A retrospective analysis of pancreatic enucleations and resections performed from March 1998 to April 2010. We defined a clinically significant POPF as a grade B that required nonoperative intervention and grade C.
One hundred twenty-two patients were identified; 62 patients had enucleations and 60 patients had resections of PNET. The rate of clinically significant POPF was 23.7 % (29/122). For pancreatic enucleation, the POPF rate was 27.4 % (17/62, 14 grade B, 3 grade C). The pancreatic resection group had a POPF rate of 20 % (12/60, 10 grade B, 2 grade C). This difference was not significant (p = 0.4). In univariate analyses, patients in the enucleation group with hereditary syndromes (p = 0.02) and non-insulinoma tumors (p = 0.02) had a higher POPF rate.
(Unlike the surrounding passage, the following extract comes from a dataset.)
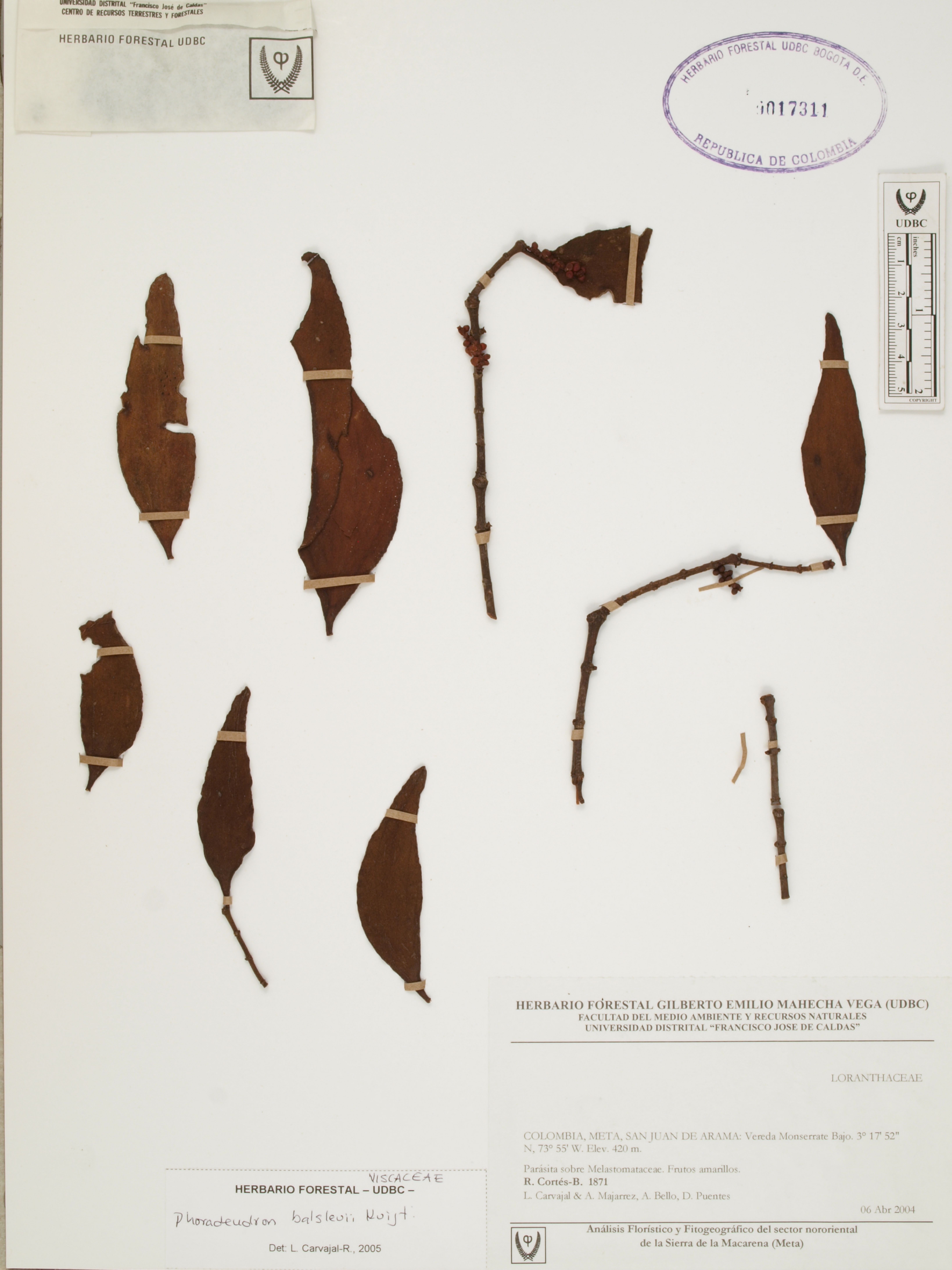 Fotografía del ejemplar Cortés-B., R. 1871, determinado como Phoradendron balslevii en el año 2005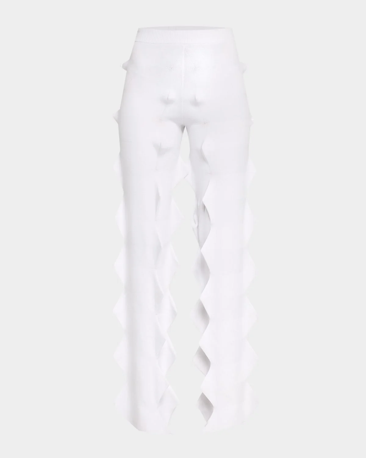 - Missoni trousers in a pointed knit - Full length - Mid rise sits high on hip - Straight legs - Full length - Pull-on style - Rayon/cellulose acetate/polyester - Made in Italy

Patients in the resection group with body mass index (BMI) > 25 (p < 0.01), multiple endocrine neoplasia type 1 (MEN-1; p < 0.01) and those who underwent simultaneous multiple procedures (p = 0.02) had a higher POPF rate. Multivariate analyses revealed that hereditary syndromes were able to predict POPF in the enucleation group, while having BMI > 25 and increasing lesion size were also associated with POPF in the group undergoing resection.
We found a clinically significant POPF rate after surgery in PNET to be 23.7 % with no difference by the type of operation. Our POPF rate is comparable to that reported in the literature for pancreatic resection for other types of tumors. Certain inherited genetic diseases—von Hippel–Lindau disease (VHL) and MEN-1—were associated with higher POPF rates.